Animation parameters

fps = 0.5

Writer = animation.writers['ffmpeg']
writer = Writer(fps=fps, metadata=dict(artist='Sai'), bitrate=1800)

1D example of K-Means in action

max_iterations = 5

kmeans1d = kmeans(dimensions=1, sample_size=100, clusters=2, tolerance=1e-8, max_iters=max_iterations)
animation.FuncAnimation(kmeans1d.fig, kmeans1d.kmeans_iter, init_func=kmeans1d.kmeans_init ,frames=max_iterations, interval=(1/fps)*1000, repeat=False).save('../images/kmeans/kmeans_1D.mp4', writer=writer);

In the video/animation below initially the data points in 1D space belonging to two clusters along with the initial random generated means are shown. After which the movement of means is shown and once the mean values are converged the results are shown. Since the data is being manually generated here, there is a possibility of verify how accurate the results are. As a last step for the verification, the predicted/identified clusters along with the supposed real clusters details are shown.

In this particular case the K-Means algorithm clusters accurately with 50 1D data samples of each of the two clusters.

Video("../images/kmeans/kmeans_1D.mp4", embed=True)

2D example of K-Means in action

max_iterations = 15

kmeansnn2d = kmeans(dimensions=2, sample_size=600, clusters=4, tolerance=1e-8, max_iters=max_iterations)
animation.FuncAnimation(kmeans2d.fig, kmeans2d.kmeans_iter, init_func=kmeans2d.kmeans_init ,frames=max_iterations, interval=(1/fps)*1000, repeat=False).save('../images/kmeans/kmeans_2D.mp4', writer=writer);

Like in previous case, here instead of 1D data samples 2D data samples are being used to cluster with the objective of identifying 4 clusters in the data. The movement of one of the Mean value if haphazard/chaotic because when a Mean cannot associate with any of the data sample, the position of the Mean is again randomly initialised, this randomness ensures that exactly 4 clusters will be found even if the starting position of the Mean values are not ideal.

In this case we also get to see that the clustering is not 100% accurate, as the final clustering results result in 150, 150, 152 and 148 data samples being associated to each cluster which ideally should have been a even 150 value for all the 4 clusters.

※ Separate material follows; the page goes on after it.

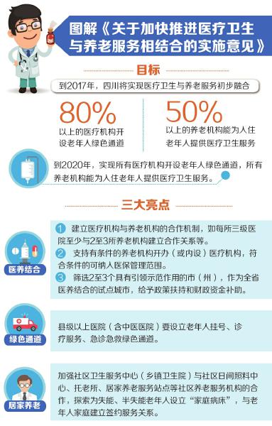 四川出臺(tái)《加快推進(jìn)醫(yī)療衛(wèi)生與養(yǎng)老服務(wù)相結(jié)合的實(shí)施意見(jiàn)》到2017年,80%以上醫(yī)療機(jī)構(gòu)開(kāi)設(shè)老年人就醫(yī)綠色通道

Video("../images/kmeans/kmeans_2D.mp4", embed=True)

3D example of K-Means in action

max_iterations = 8

kmeans3d = kmeans(dimensions=3, sample_size=300, clusters=3, tolerance=1e-8, max_iters=max_iterations)
animation.FuncAnimation(kmeans3d.fig, kmeans3d.kmeans_iter, init_func=kmeans3d.kmeans_init ,frames=max_iterations, interval=(1/fps)*1000, repeat=False).save('../images/kmeans/kmeans_3D.mp4', writer=writer);

Like in previous cases, here instead of 1D or 2D data samples 3D data samples are being used to cluster with the objective of identifying 3 clusters in the data.

Video("../images/kmeans/kmeans_3D.mp4", embed=True)

Remarks

In this post/jupyter notebook the distance measure used is the "cartesian distance", but other distance measures like "cosine" distance can also be used. In this post/jupyter notebook the data used is also randomly generated numerical data, but when data is textual the implementation details vary.